* Supplied data
+++
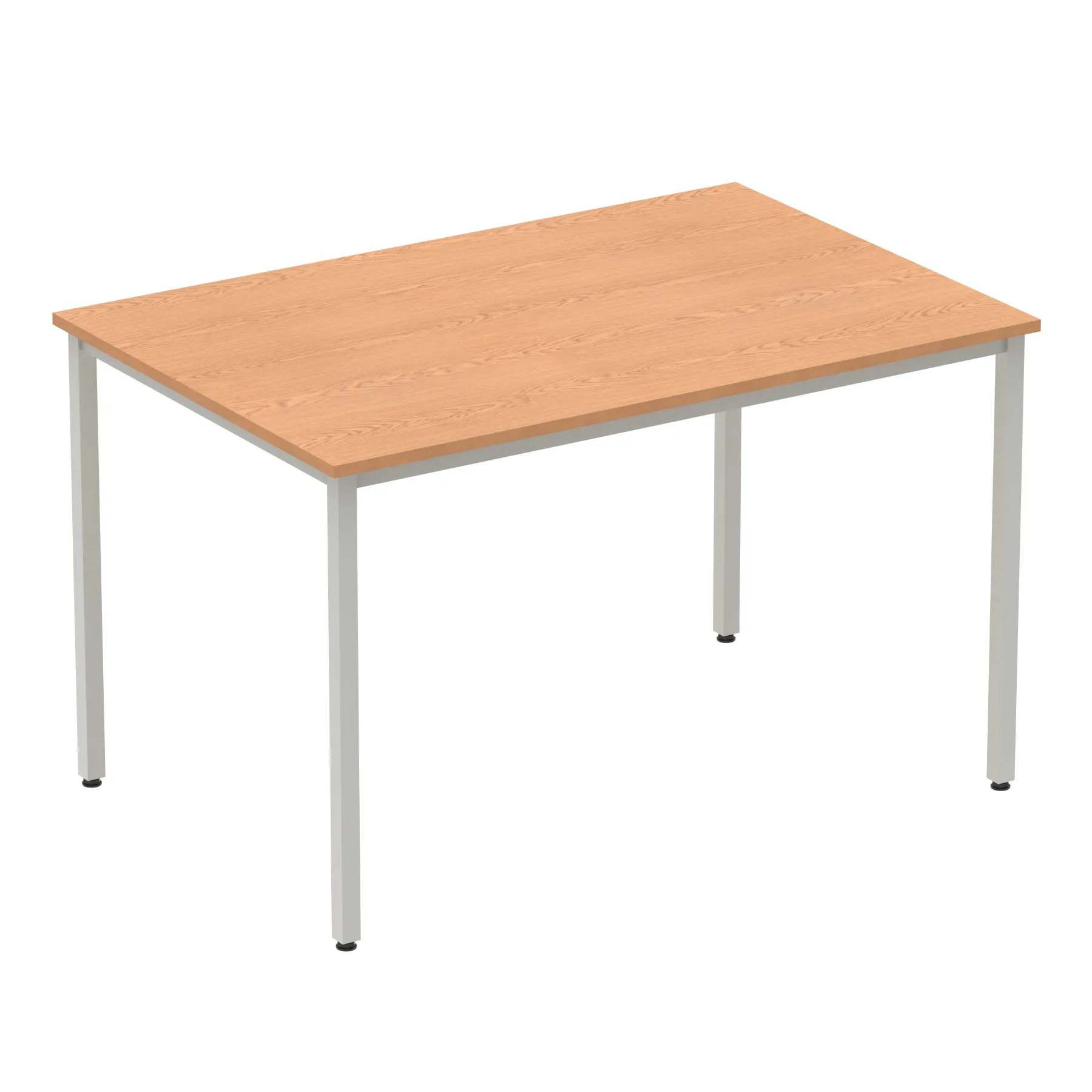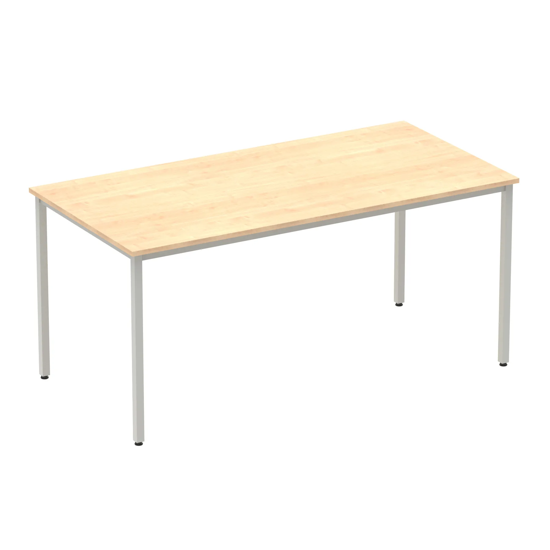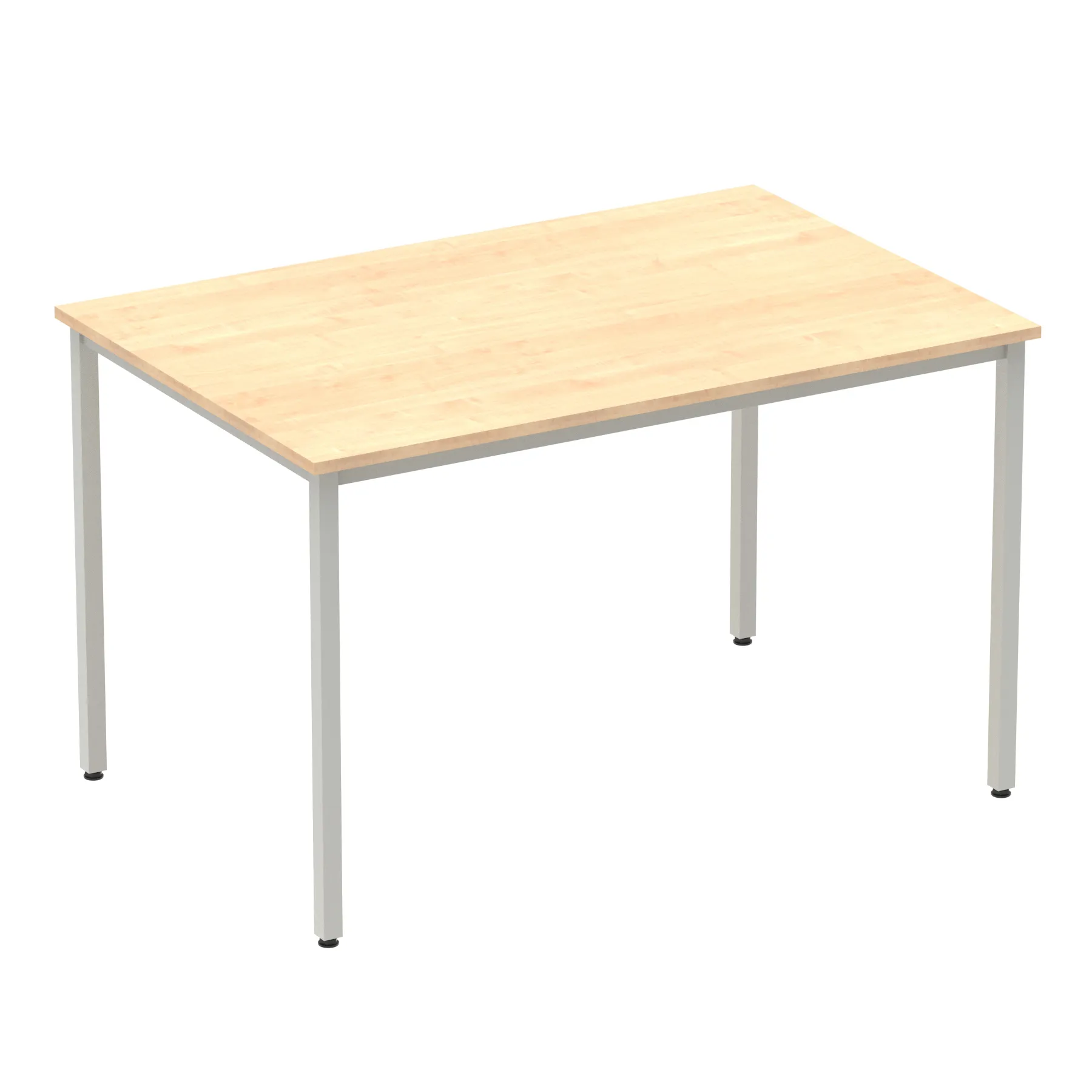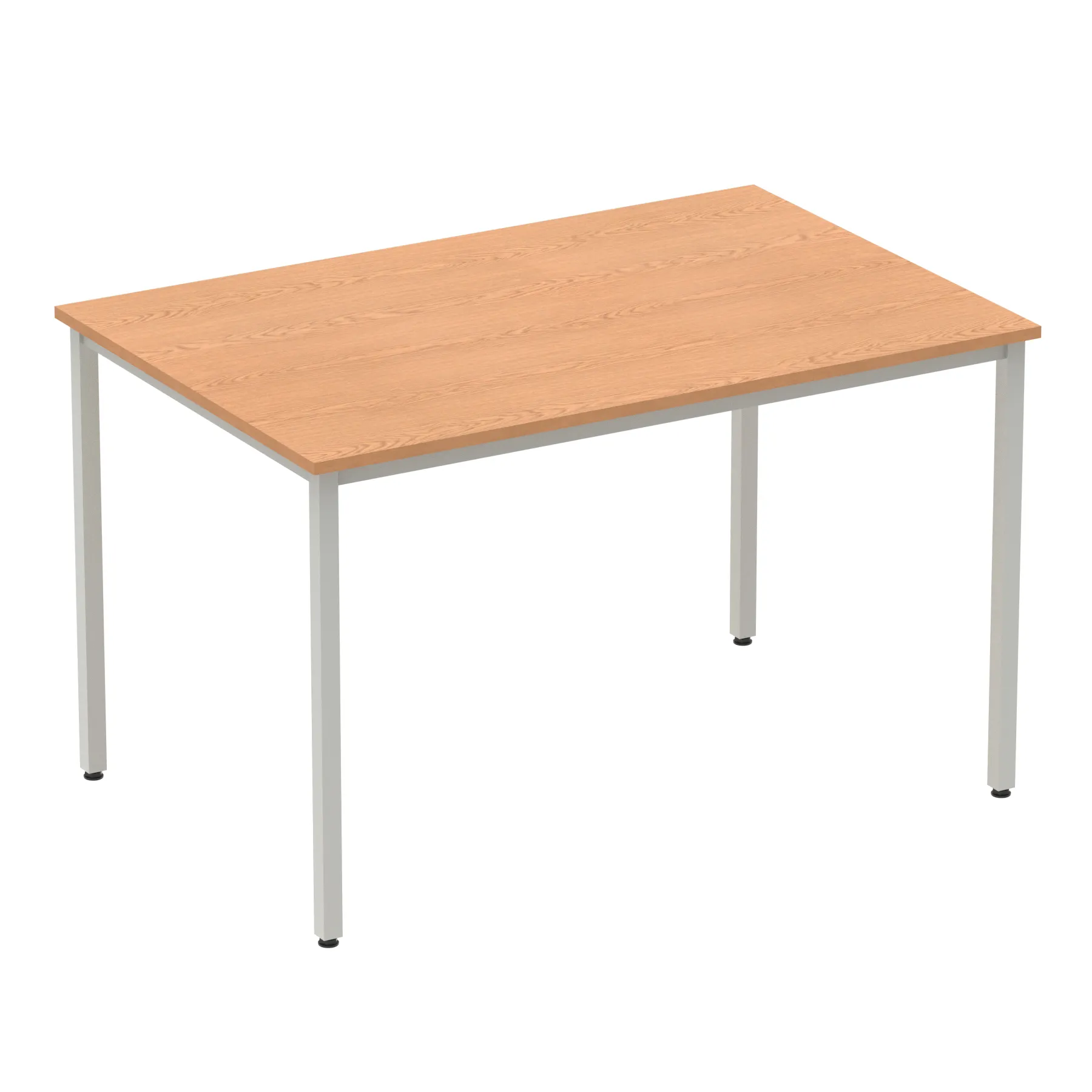 Impulse freestanding meeting table • Classic rectangular shape • Provides excellent team working environment • 18mm thick top • Attractive silver coated box frame leg • 2mm abs protective edging • Heat resistant beech melamine finish • Weight Capacity: 100Kg
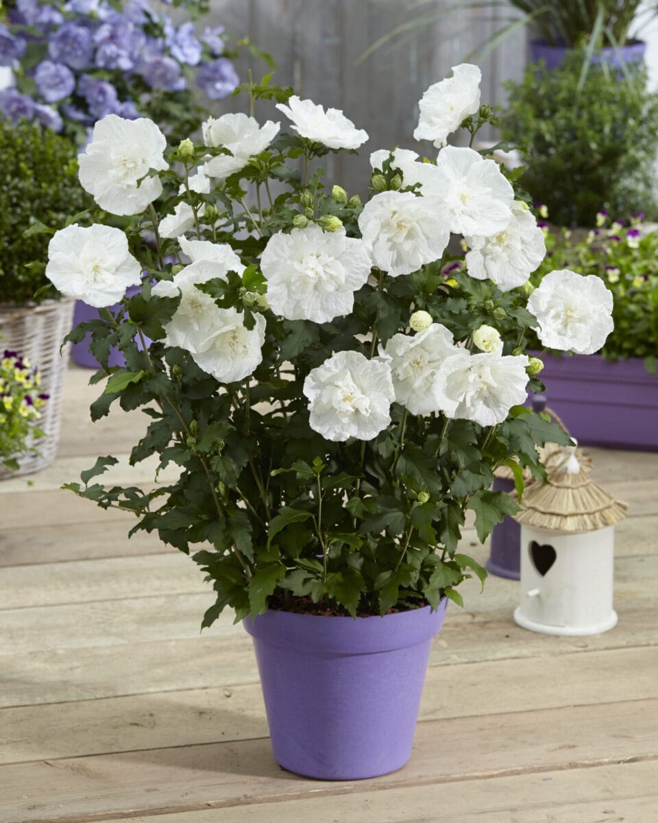 ● Hibiscus White Chiffon bloeit rijkelijk met witte bloemen die in contrast met het intens groene blad een lust voor het oog zijn.
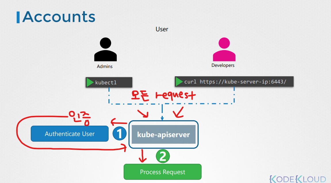 - 관리자 같은 유저는 관리 업무를 수행하기 위해 클러스터에 엑세스하고 개발자는 앱을 테스트 또는 배포하기 위해 클러스터에 엑세스한다.
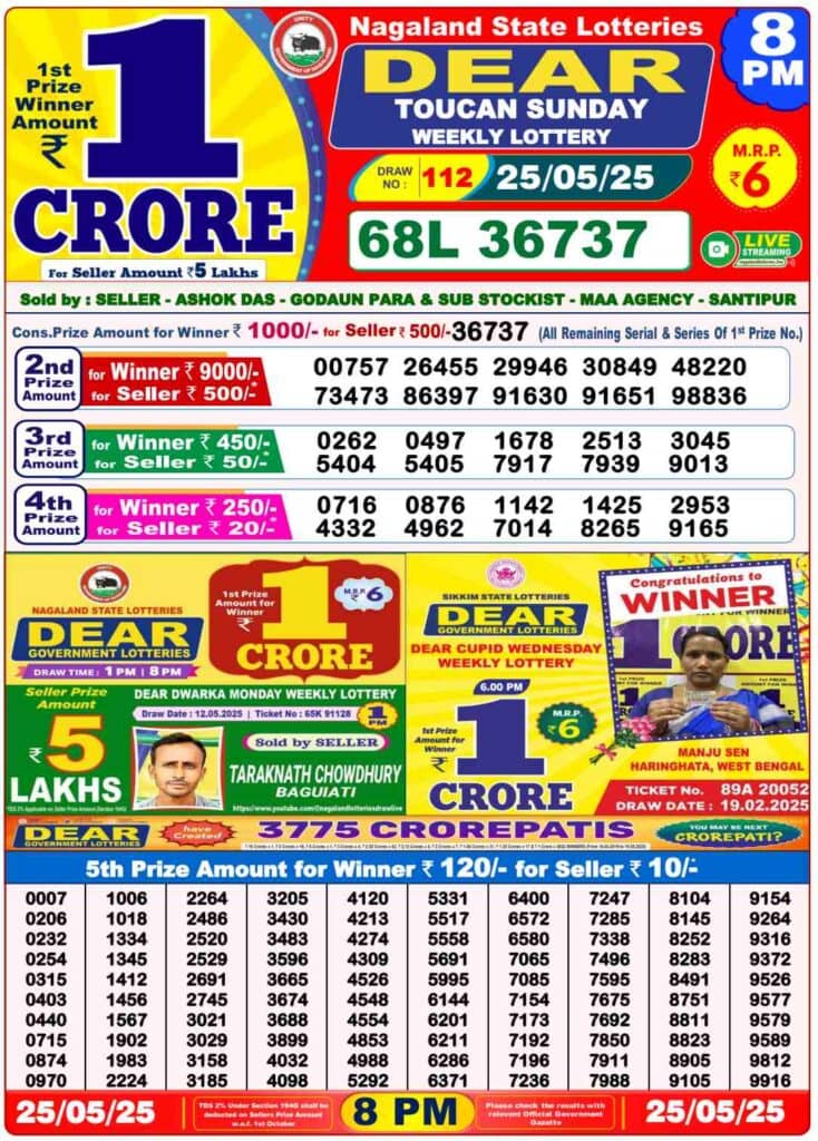 LIVE| Nagaland Lottery Sambad Result Today (25.05.2025): DEAR TOUCAN SUNDAY 8 PM Winner Ticket No. 68L 36737
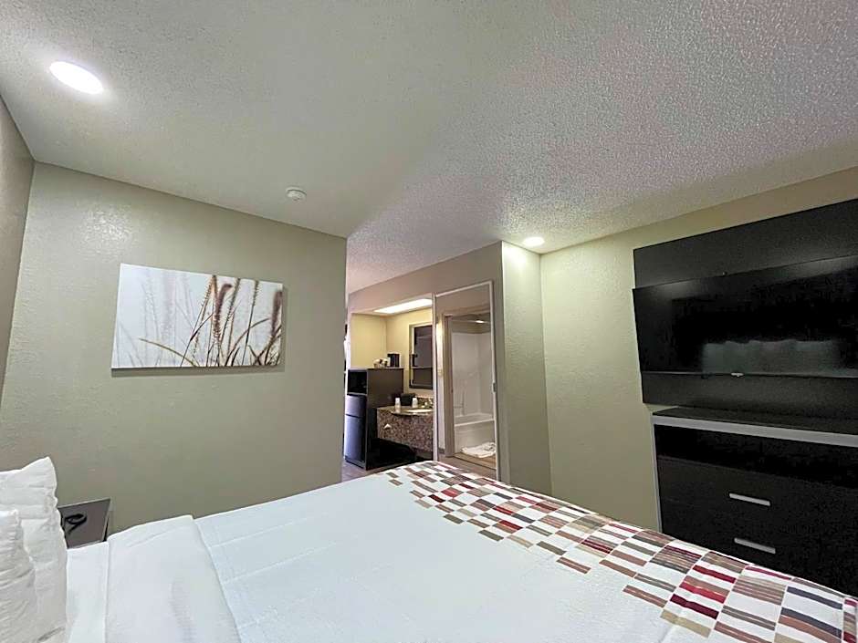 This charming motel is brimming with amenities to elevate your experience. Dive into the refreshing outdoor swimming pool, unwind in the soothing spa tub, or take advantage of the complimentary Wi-Fi to share your adventures. Traveling with furry friends? No problem! The Red Roof Inn & Suites welcomes pets (extra charges apply), making it a tail-wagging good time for everyone. You'll also enjoy the perks of 24-hour front desk service, private parking, air conditioning, and relaxing non-smoking rooms equipped with free toiletries and a bathtub for a calming soak after a day of exploration.
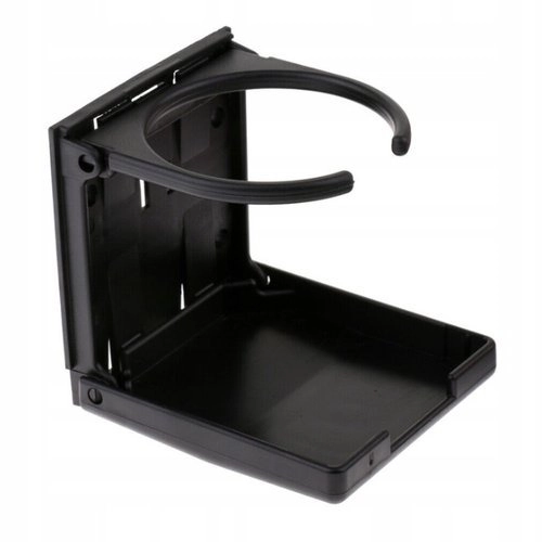 - Składany uchwyt do napojów, wykonany z wytrzymałego plastiku w kolorze czarnym.
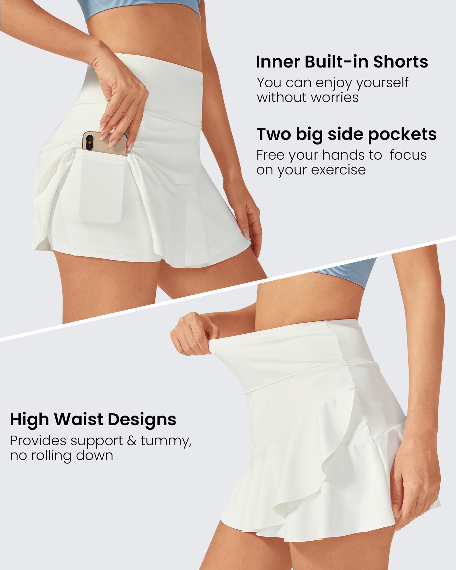 - Built-in Short Liner- Design skirt outer and shorts inner, providing secure coverage
+++
* Action item
Transcribe the complete set of entries verbatim. No pictures belong in the copy.

* Task result
 Impulse freestanding meeting table • Classic rectangular shape • Provides excellent team working environment • 18mm thick top • Attractive silver coated box frame leg • 2mm abs protective edging • Heat resistant beech melamine finish • Weight Capacity: 100Kg
 ● Hibiscus White Chiffon bloeit rijkelijk met witte bloemen die in contrast met het intens groene blad een lust voor het oog zijn.
 - 관리자 같은 유저는 관리 업무를 수행하기 위해 클러스터에 엑세스하고 개발자는 앱을 테스트 또는 배포하기 위해 클러스터에 엑세스한다.
 LIVE| Nagaland Lottery Sambad Result Today (25.05.2025): DEAR TOUCAN SUNDAY 8 PM Winner Ticket No. 68L 36737
 This charming motel is brimming with amenities to elevate your experience. Dive into the refreshing outdoor swimming pool, unwind in the soothing spa tub, or take advantage of the complimentary Wi-Fi to share your adventures. Traveling with furry friends? No problem! The Red Roof Inn & Suites welcomes pets (extra charges apply), making it a tail-wagging good time for everyone. You'll also enjoy the perks of 24-hour front desk service, private parking, air conditioning, and relaxing non-smoking rooms equipped with free toiletries and a bathtub for a calming soak after a day of exploration.
 - Składany uchwyt do napojów, wykonany z wytrzymałego plastiku w kolorze czarnym.
 - Built-in Short Liner- Design skirt outer and shorts inner, providing secure coverage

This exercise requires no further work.